[[ GIVEN INFORMATION open ]]

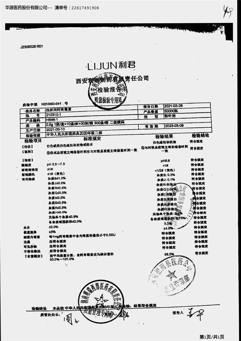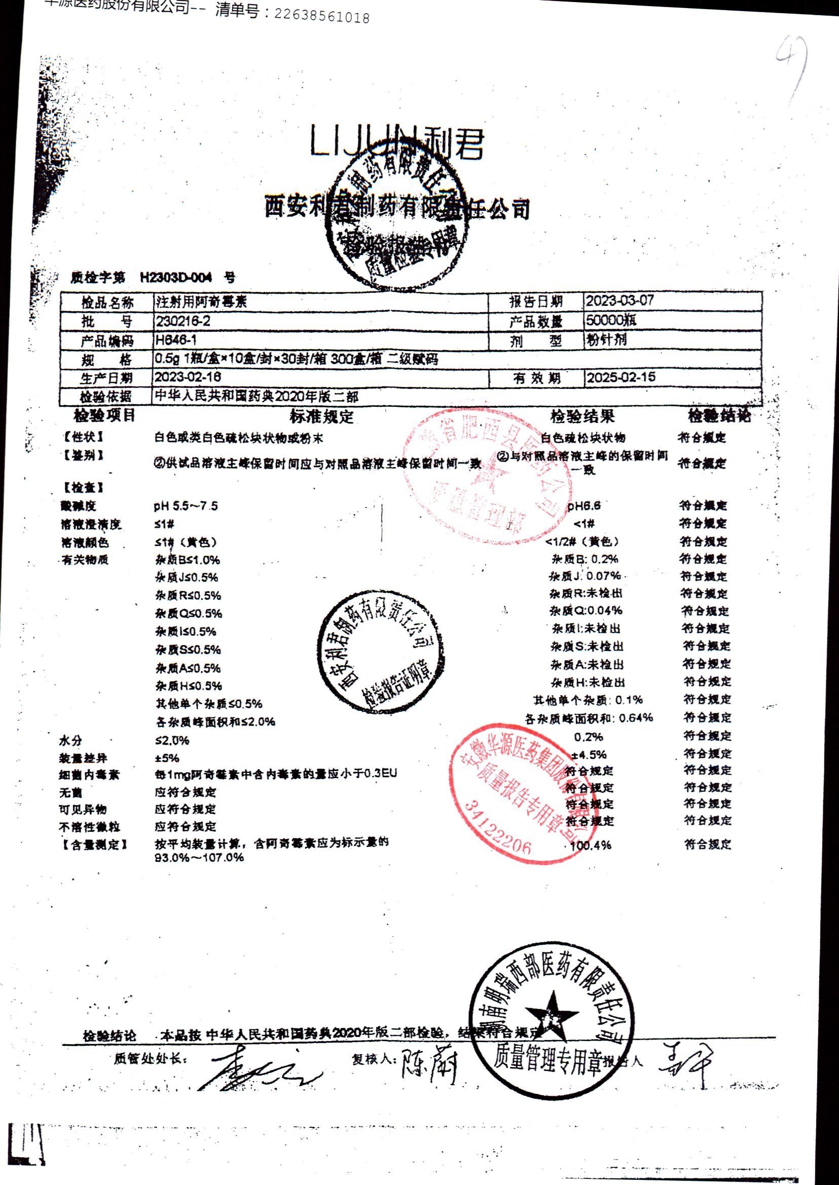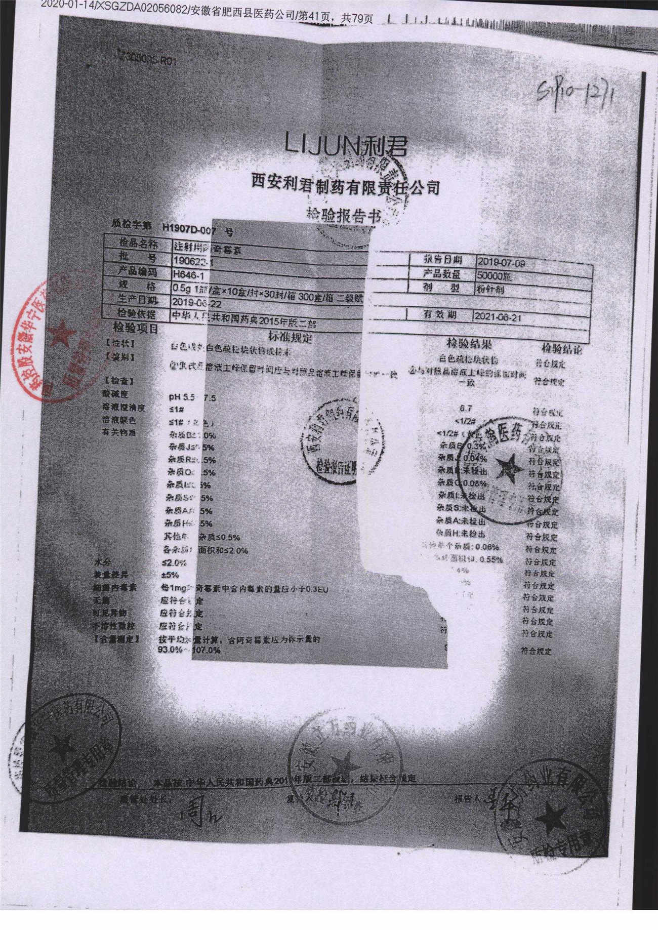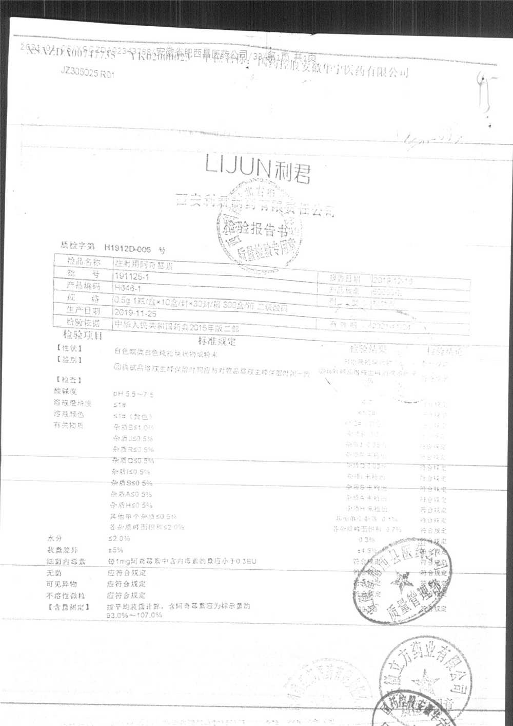 注射用阿奇霉素 | 0.5g | 190609-1 | 查看详情 |
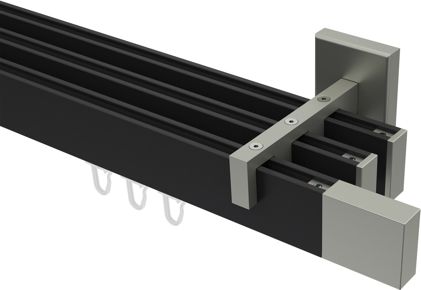 Gardinenstangen mit eckigem Innenlauf aus Aluminium / Metall in 14x35 mm, 3-läufig, Modell SMARTLINE - Lox Schwarz / Edelstahl-Optik
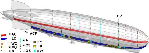 | Keywords: Zeppelin-LZ-127 internal opaque.svg en airship LZ 127 Graf Zeppelin drawing after model with internal structure slightly opaque Key ACP Auxiliary control post red AC axial corridor running from main ring -2 to the front mooring hub blue LC lower corridor running from main ring 20 to ring 211 ending at ladder to axial corridor orange WC crew's toilet beige CQ crew's quarters with tables chairs and berths beige B berths or cargo space blue stripes A ventilation shaft green stripes CS climbing shaft brown stripes GE exhaust gas shaft brown box O oil tanks yellow box P petrol tanks light blue box W water tank OP Observation post on top of hull Note this SVG file has two separate layers the model layer and the annotations layer Own and Thyes 2007 Thyes original 84user annotations File Airship-Zeppelin-LZ-127 svg Original diagram File Zeppelin-LZ-127 internal svg With internal structure File Zeppelin-LZ-127 internal and gas cells svg With internal structure and gas cells File Zeppelin-LZ-127 gas cells svg With internal gas cells File Zeppelin-LZ-127 internal and gas cells opaque svg With internal structure and gas cells slightly opaque thumb right 200px Thumbnail of this illustration at 200 pixels as rendered inside an article - Thyes ValidSVG http //upload wikimedia org/wikipedia/commons/5/5c/Zeppelin-LZ-127_internal_opaque svg AttribSVG Airship-Zeppelin-LZ-127 svg Thyes LZ 127 Graf Zeppelin Language-neutral aviation diagrams Line drawings of airships SVG aircraft Cutaway diagrams of aircraft |
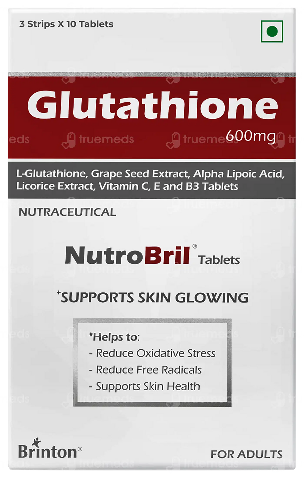 Nutrobril Tablet is used for supporting multiple aspects of health through essential vitamins, potent antioxidants, and beneficial herbal extracts. This formulation focuses on promoting skin health, enhancing immune function, helping cognitive performance, and maintaining cardiovascular health. It contains L-Glutathione, a powerful antioxidant, which may help protect cells from oxidative stress and promote a healthy complexion by encouraging the production of lighter melanin pigments. It also features Grape Seed Extract, which is rich in polyphenols and supports cardiovascular health. The tablet also may offer protection against free radical damage. Alpha Lipoic Acid, as one of the ingredients enhances the effectiveness of other antioxidants and supports nerve health, supporting cognitive function and metabolic health.

[[ GIVEN INFORMATION closed ]]

> [WHAT TO DO]:
Go through the data above and print exactly the lines from its first line through the line holding "Gardinenstangen mit eckigem", both included, leaving pictures aside.

> [WRITTEN RESPONSE]:
 注射用阿奇霉素 | 0.5g | 190609-1 | 查看详情 |
 Gardinenstangen mit eckigem Innenlauf aus Aluminium / Metall in 14x35 mm, 3-läufig, Modell SMARTLINE - Lox Schwarz / Edelstahl-Optik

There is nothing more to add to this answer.